### EXERCISE DIRECTIONS:
Output the first line below and each one after it, exactly, up to and including the line holding "En el marco". Pictures should not be copied.

### MATERIAL PROVIDED:
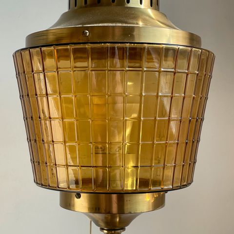 Messinki- ja alabasterijalka. Korkeus 30,5 cm ilman varjostinta ja varjon kanssa 36 cm, varjon leveys 20 cm. Messinkijalka 8x8 cm. Valaisimessa on katkaisija.
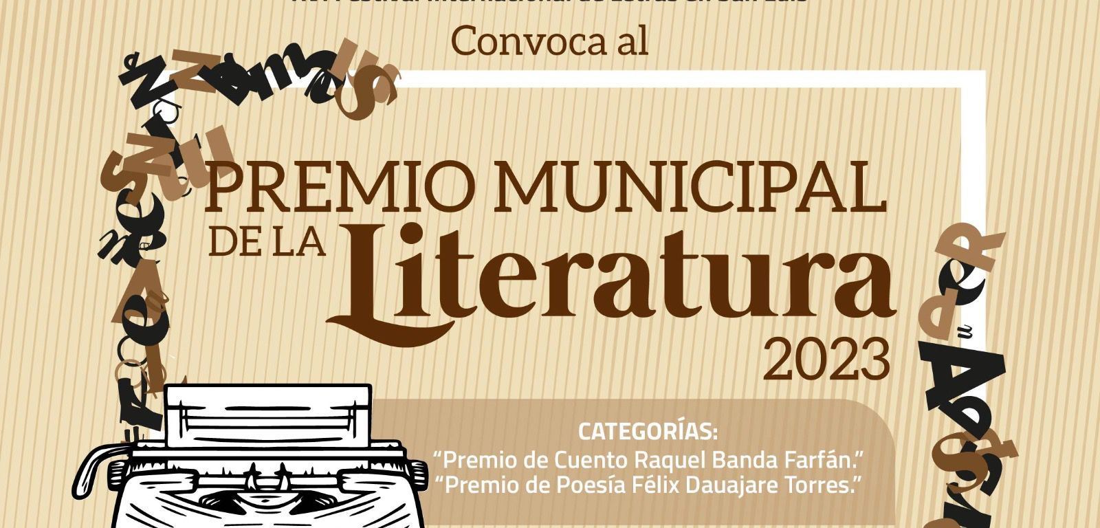 En el marco del XVI Festival Internacional Letras en San Luis, la Dirección de Cultura Municipal y la Comisión de Cultura, Recreación, Deporte y Juventud, convocan a escritoras y escritores potosinos a participar en el Premio Municipal de Literatura 2023, en sus modalidades Raquel Banda Farfán para Cuento y Félix Dauajare Torres para Poesía.
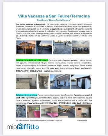 San Felice - Terracina, Residence “nuova Santa Monica” Dista 170 metri dalla spiaggia (3 minuti a piedi). Mansarda al piano primo composto da: sala-cucina, 1 grande camera da letto 4-5 posti letto, 1 grande bagno, veranda esterna coperta con vista mare, portico esterno al piano terra e barbecue, cortile interno pavimentato, e posto auto. Aria condizionata. Prezzo a settimana comprensivo di consumi. Collocata in un contesto silenzioso ed illuminato che si affaccia direttamente sul mare dove sono presenti due lidi privati con Bar e possibilità di noleggio giornaliero settimanale mensile di ombrelloni lettini e sdraie. Grandissima spiaggia libera o privata. Subito al di fuori, sulla strada principale, sono presenti ristoranti, bar, pizzerie, supermercati ed altri servizi. Dista 3 km da San Felice Circeo e 7,5 km da Terracina centro, 9 km da Torre Paola. Certificazione energetica in fase di richiesta. Disponibilta' costo settimana esclusi consumi: maggio ed ottobre: € 600,00 giugno e settembre: € 700,00 luglio: € 850,00 agosto: € 950,00.

### EXERCISE RESPONSE:
 Messinki- ja alabasterijalka. Korkeus 30,5 cm ilman varjostinta ja varjon kanssa 36 cm, varjon leveys 20 cm. Messinkijalka 8x8 cm. Valaisimessa on katkaisija.
 En el marco del XVI Festival Internacional Letras en San Luis, la Dirección de Cultura Municipal y la Comisión de Cultura, Recreación, Deporte y Juventud, convocan a escritoras y escritores potosinos a participar en el Premio Municipal de Literatura 2023, en sus modalidades Raquel Banda Farfán para Cuento y Félix Dauajare Torres para Poesía.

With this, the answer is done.